For instance, I can use min_frequency=100 to group the less frequent categories (specifically Other and Human Resources) into an Other category. This approach reduces the dimensionality of the EducationField variable while preserving the important information from the more common categories. We can avoid using a sparse matrix by specifying sparse_output=False in the OneHotEncoder during matrix creation, ensuring the output is dense.
one_hot = OneHotEncoder( drop='first',
handle_unknown='ignore',
sparse_output=False,
dtype=int,
min_frequency=100)
ColumnTransformer in Scikit-Learn
We can apply both Ordinal Encoding and One-Hot Encoding simultaneously using ColumnTransformer by specifying different encoders for ordinal and nominal categorical variables within the same transformation pipeline.
from sklearn.compose import ColumnTransformer
X_train, X_test, y_train, y_test = train_test_split(X,y,test_size=0.3,
random_state=42)
transformer = ColumnTransformer(transformers=[
('oe',OrdinalEncoder(dtype=int),['Education','JobSatisfaction']),
('ohe',OneHotEncoder(drop='first',
handle_unknown='ignore',
sparse_output=False,
dtype=int), ["EducationField","Department"])

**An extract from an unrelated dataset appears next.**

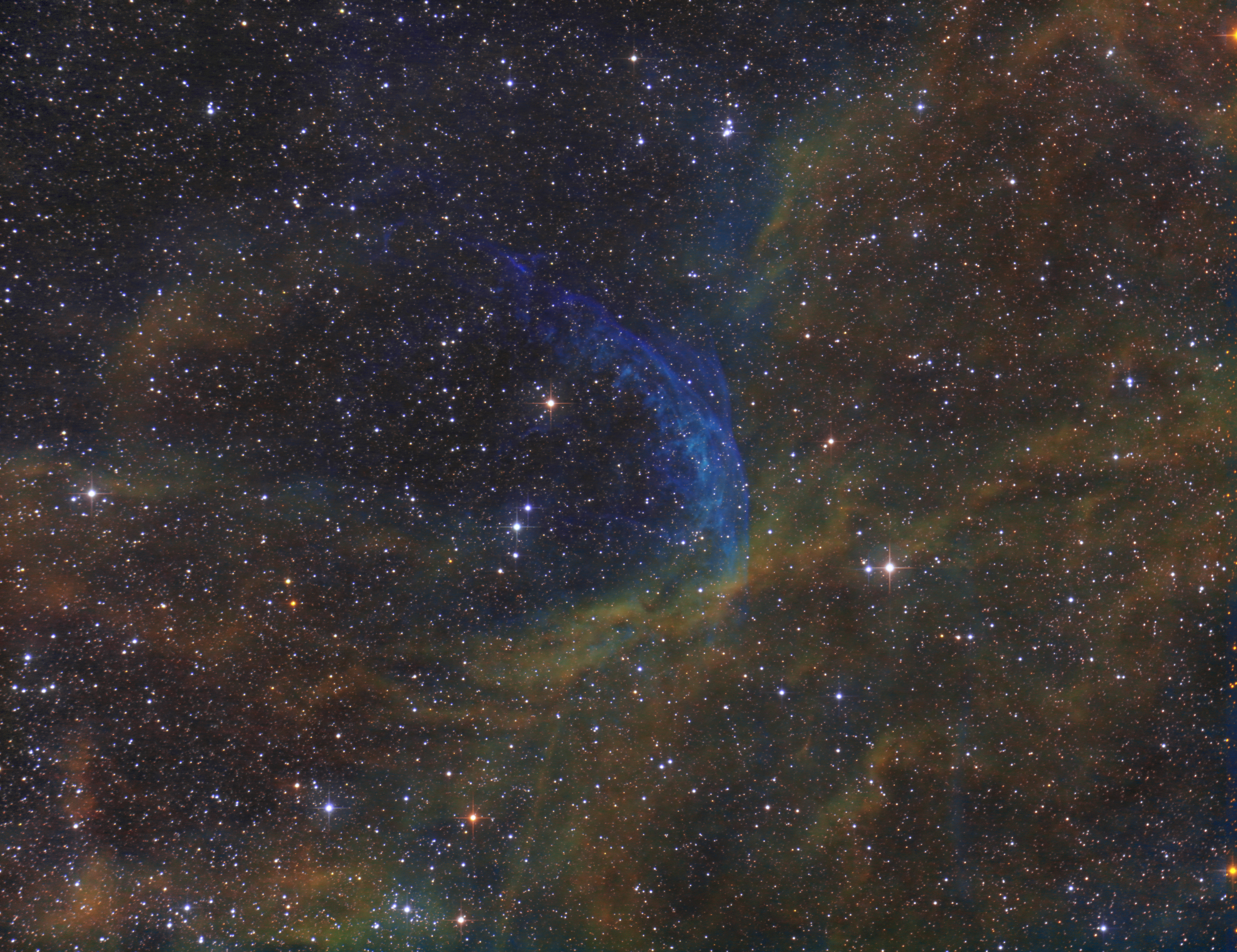 In der Nähe des Crescentnebels NGC 6888 befindet sich ein weiteres, aber schwierigeres Objekt, die Nebel um den Wolf-Rayet-Stern WR 134. Das Bild ist ein Falschfarbenbild in der Hubble-Palette, bei der den Farbkanälen R,G,B die Schmalbandbilder SII, Ha, OIII zugewiesen werden. Wolf-Rayet-Sterne sind massereiche Sterne, die am Ende ihres Lebens große Mengen Gas abstoßen, das durch die ionisierende Strahlung des Sterns zum Leuchten gebracht wird.

],remainder='passthrough')
transformer.fit(X_train)
pd.DataFrame(transformer.transform(X_train))
Visualizing a ColumnTransformer
Scikit-learn provides a convenient way to visualize a ColumnTransformer.
Frequency Encoding
Frequency encoding is a technique that converts categorical values into numerical values based on the frequency of their occurrence in the dataset. Each category is replaced by the relative frequency (or count) of that category, typically scaled between 0 and 1.
This encoding preserves information about the distribution of categories, allowing algorithms to understand how common or rare a particular category is. It is especially useful when the frequency of a category correlates with the target variable.
encoded = X_train['EducationField'].value_counts(normalize=True)
print(encoded,"\n")
X_train['EducationField']= X_train['EducationField'].map(encoded)
X_train.head()
In conclusion, we explored various encoding techniques for categorical variables using the HR attrition dataset. We covered methods like Label Encoding, Ordinal Encoding, One-Hot Encoding, and Frequency Encoding, each suited for different types of data. The key takeaway is that choosing the right encoding method helps avoid problems like creating unnecessary order in data or making the dataset too large. Proper encoding helps models learn from the data more effectively and make better predictions.